# General question about rosetails



## inareverie85 (Apr 18, 2008)

I don't really have intentions to breed, since I wouldn't know what to do with all the offspring, but I still like to read this section of the forum and dream. 

And every now and then I get a few questions.

I've noticed in a few threads that people warn against breeding rosetails. Why is this? Is this simply for fin structure and quality or is there some other problem in fish that have them? Is the reason not to breed these guys a health reason or is it because most breeding programs seek to improve the species?

I just wonder because I have an orange feathertail male. Is that similar to a rose? When I picked him up from petco I thought that maybe he was a biter or that he had some finrot and that maybe he was clamped, but once he colored up and his finnage smoothed out, I realized that these "folds" were just a natural part of his tail. That led me to research these other less common fin types.

I don't have a good photo of him, but his finnage is similar to this:









Anyway, I was just curious since in my daydreams I often wondered if he'd have many fry with a pretty tail like his.  Even if I'm not breeding for real, I'd like to daydream as if I were a LEGIT breeder


----------



## KadenJames (Mar 23, 2012)

Rosetails are basically mutated halfmoons. There is so much branching on the tail, it folds and flops over on itself. Feathertails are a different kind of rosetail, with different branching structure. Breeders try to stay away from them because they are very difficult to breed consistently, and they usually come with a number of other malformations, too, like bad scaling, spinal problems and small ventrals, small bodies, and slow growth. A lot of breeders will cull any rosetails they see early on in their spawn. They are very difficult to breed out of a line.
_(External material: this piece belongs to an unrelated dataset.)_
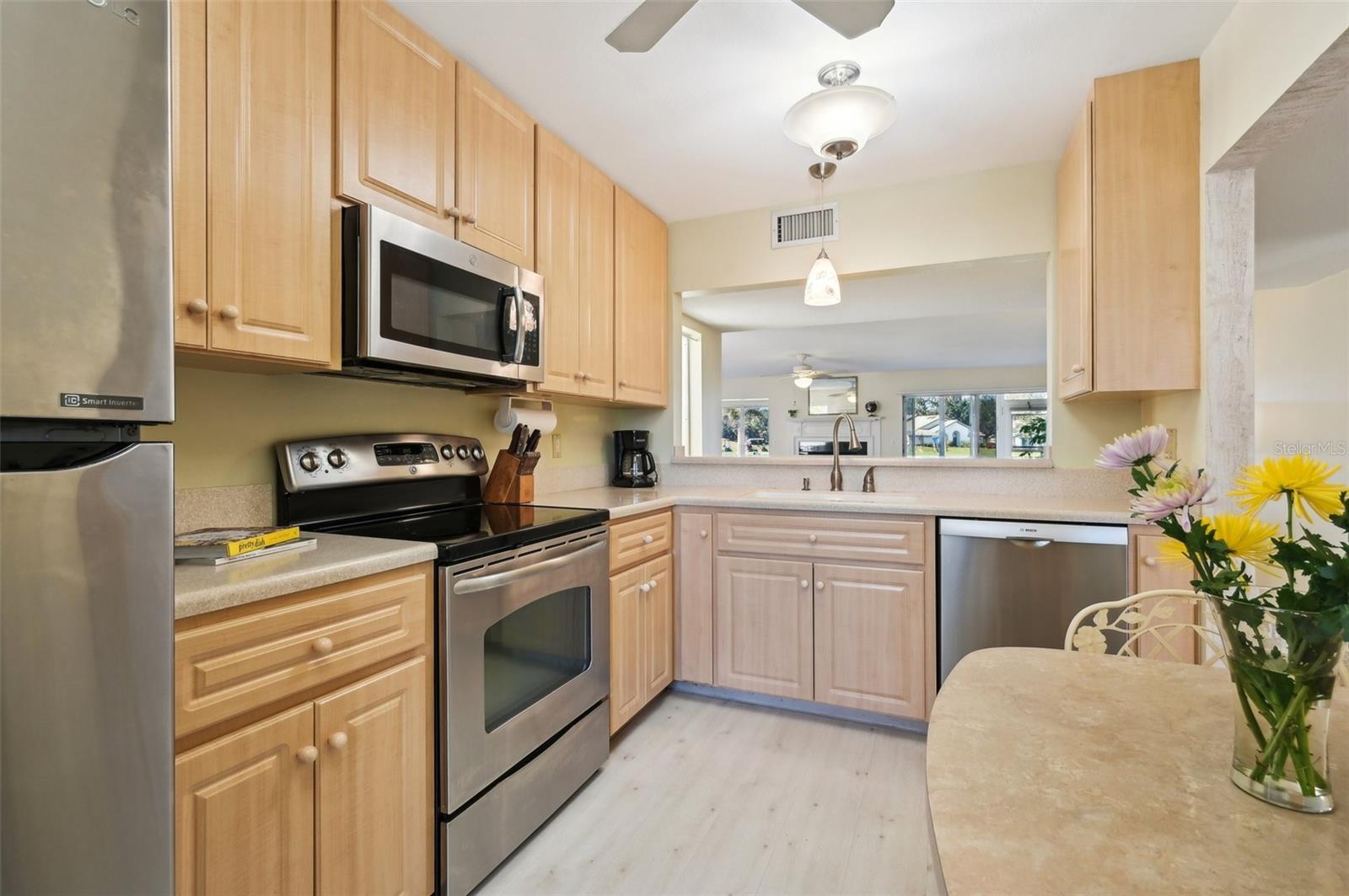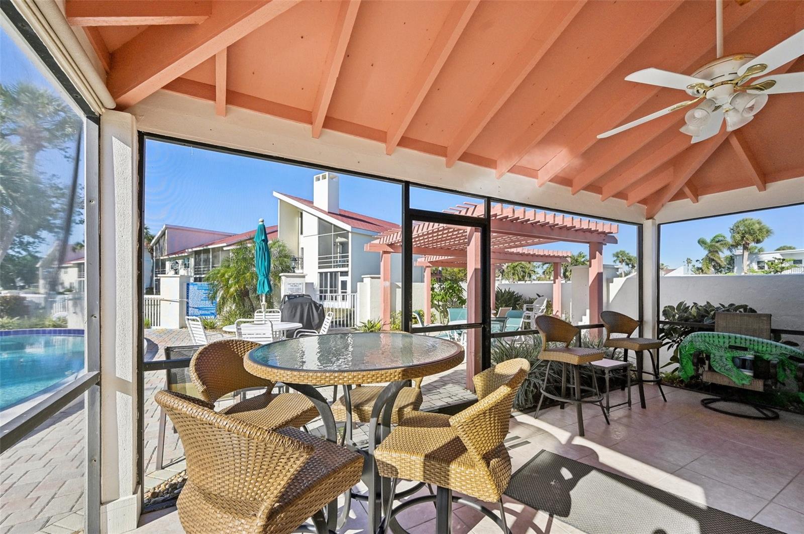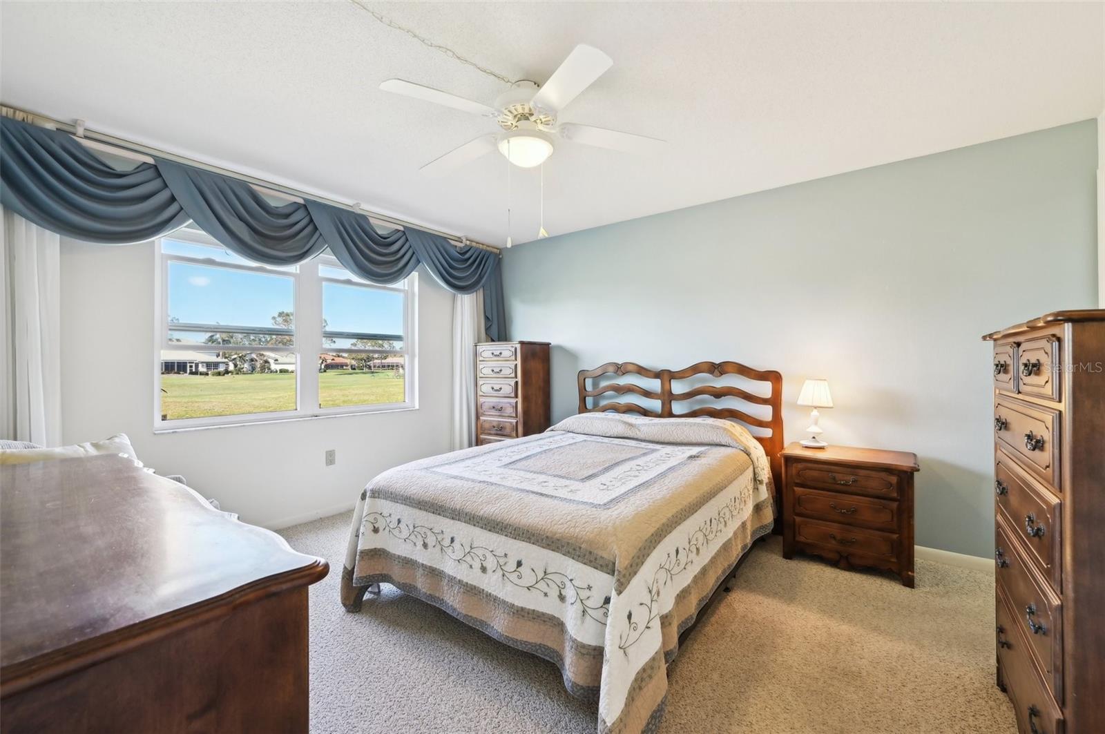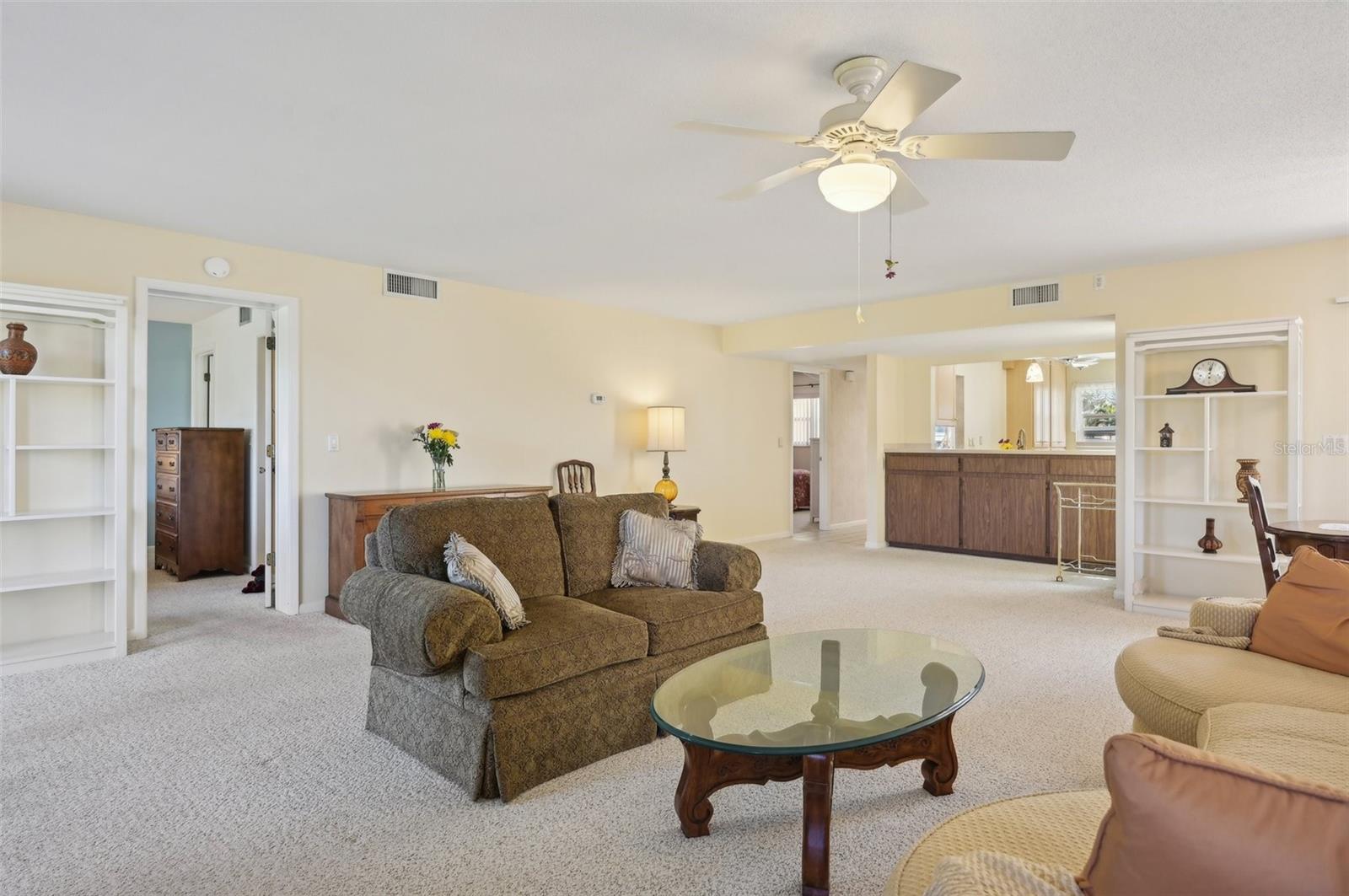 Corner units like this rarely become available! This spacious 2-bedroom, 2-bathroom condo is one of the largest floor plans in Capri West, offering incredible views of the 9th hole of Capri Isles Golf Club. Step into the large kitchen, featuring custom cabinets for extra storage and newer appliances. Both bedrooms have walk-in closets, with the primary suite boasting an ensuite bathroom with walk-in shower for added privacy. The expansive living room, complete with a cozy fireplace, flows seamlessly into a versatile sitting area with accordion doors—perfect for hosting extra guests or creating a quiet reading nook. Another additional space off of the living room offers a perfect spot for an office or den. Enjoy breathtaking sunsets and wildlife from the enclosed lanai overlooking the golf course or relax on the outdoor terrace just off the dining area. There’s no shortage of storage options, with a spacious closet on the lanai and another conveniently located just outside the front door. With hurricane-impact windows, shutters, a newer A/C, and water heater, this home is as practical as it is charming. Capri West offers great amenities, including two pools (one heated), a clubhouse with a vibrant social scene, and golf-cart-friendly streets. The Capri Isles Golf Course, complete with a pro shop and restaurant, is just a short stroll away. Located minutes from downtown Venice, stunning beaches, Wellen Park, and I-75, this condo combines the best of convenience and leisure. Don't miss your chance to call this one-of-a-kind condo home—schedule your private showing today!

Such a pity they come with such problems, they sure are gorgeous. Perhaps someone is currently working on breeding the defects out of this strain? And one day we can have normal, healthy, true breeding roses. :-D


----------



## MrVampire181 (May 12, 2009)

Agreed ^


----------



## Luimeril (Dec 29, 2010)

also, someone i know bought rose tails, but they always seemed unhealthy. they'd die from something as simple as ick. so, their immune systems seem to be pretty weak, and that could be related to the rose tail trait...


----------



## sparkyjoe (Feb 27, 2012)

OK, now y'all kinda got me worried.

I have one little boy, Arthur, that I got at Petco where he was listed as a HMPK, well, he's actually a double tail and his fins have gotten longer, even if they don't seem as long as a regular, long finned Half Moon, but I don't have a lot of betta experience, so who knows.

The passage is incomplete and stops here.